Serge Daney was talking about "énoncé" (=fabula) and "énonciation" (=syuzhet) in 1974 (Cahiers du cinéma, n°248-249-250, janvier-mai 1974).

"But I now think that the inference-making takes place in a very narrow window of time, and it leaves few tangible traces. What is built up in our memory as we move through a film is something more approximate, more idiosyncratic, more distorted by strong moments, and more subject to error than the fabula that the analyst can draw up. [..] In assigning to the spectator the task of ongoing fabula construction, NiFF harmonized with one premise I consider central: a holistic sense of form. Even if we scan the entire narrative through a narrow slit, it’s important for the analyst and theorist to consider the overall design of the work, the more or less coherent principles that govern the unfolding tale. I’m thinking of such matters as smoothly cascading character goals, psychological motives and personality change, gradual development of knowledge, shifts in viewpoint, repeated and varied motifs, and finer-grained patterns of visual and sonic presentation."
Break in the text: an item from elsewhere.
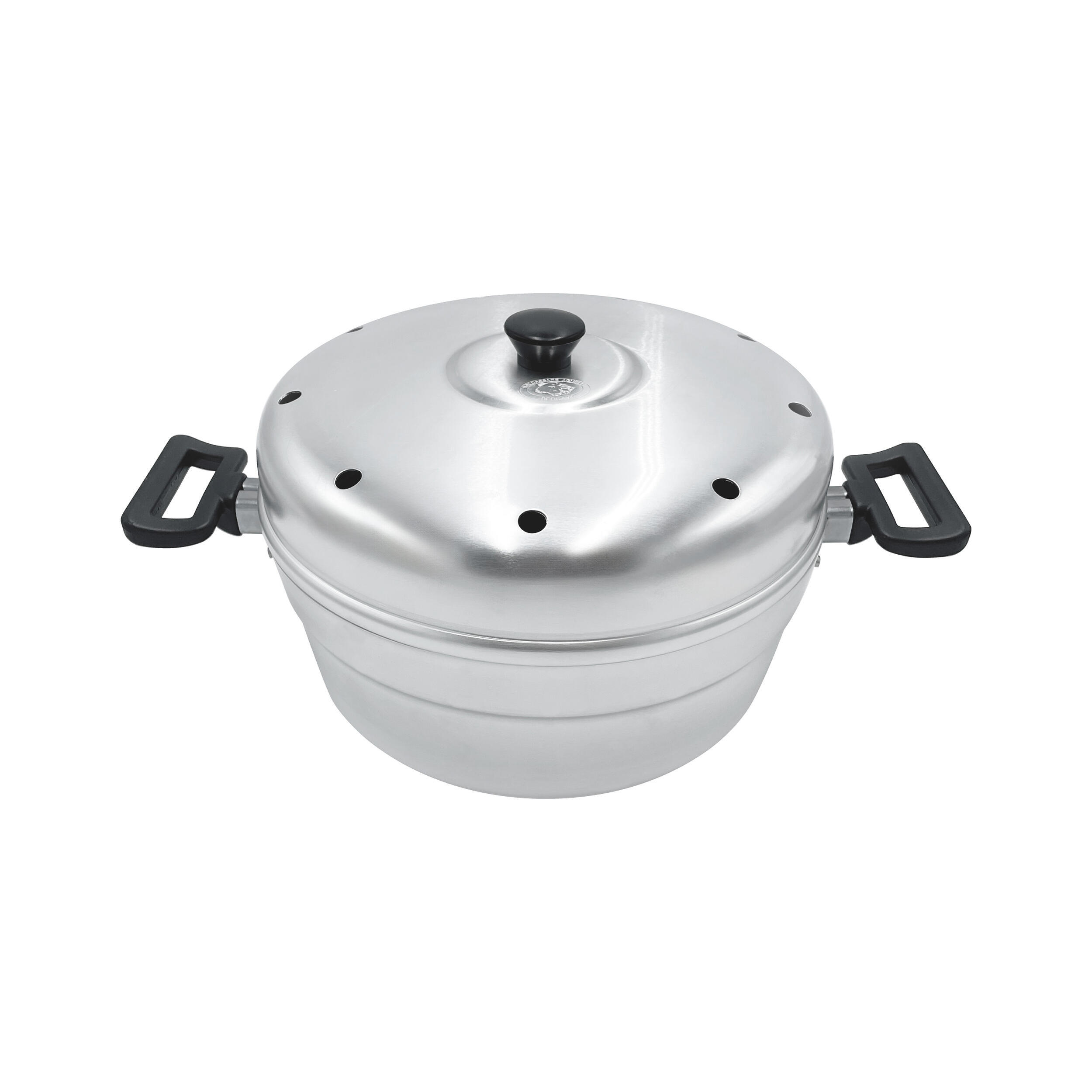 Fabriqué en Italie, ce four nomade mise sur une structure en aluminium pur à 99,5 %, d’une épaisseur de 2 mm, pour une durabilité à toute épreuve. Son couvercle équipé de 6 trous de ventilation assure une cuisson uniforme, tandis que son brûleur distributeur en acier garantit une flamme stable, même en cas de mouvements ou de vents légers. Les poignées latérales en plastique noir, rivetées pour plus de solidité, restent froides au toucher et facilitent la manipulation. Son rebord roulé et sa base légèrement surélevée renforcent l’étanchéité et la stabilité, des détails essentiels pour une utilisation en conditions réelles, sur une table de camping ou un plan de travail étroit.

That is an interesting aspect of human perception applied specifically to the cinema experience and how the limitations of this experience can be exploited, manipulated by the narrative design. 
Even if we do not recall every element of a film by the end of the screening, or even during the film, our subconscious does. Often the film needs to use self-quoting flashback (of images already previously projected in the distant beginning of the film), to make a pointed reference, as if the audience had already forgotten what they saw a few minutes ago. And the emotional climate within which each scene or image is registered (in state of fear, or under the tone of suspicion, or in awe, or accompanied by a music cue...) attribute to each memorial image a distinct accent, that influences the way we store and retrieve such memory, in the long term memory (belonging to our personal history), or in the short term memory (for single-using within the duration of the film).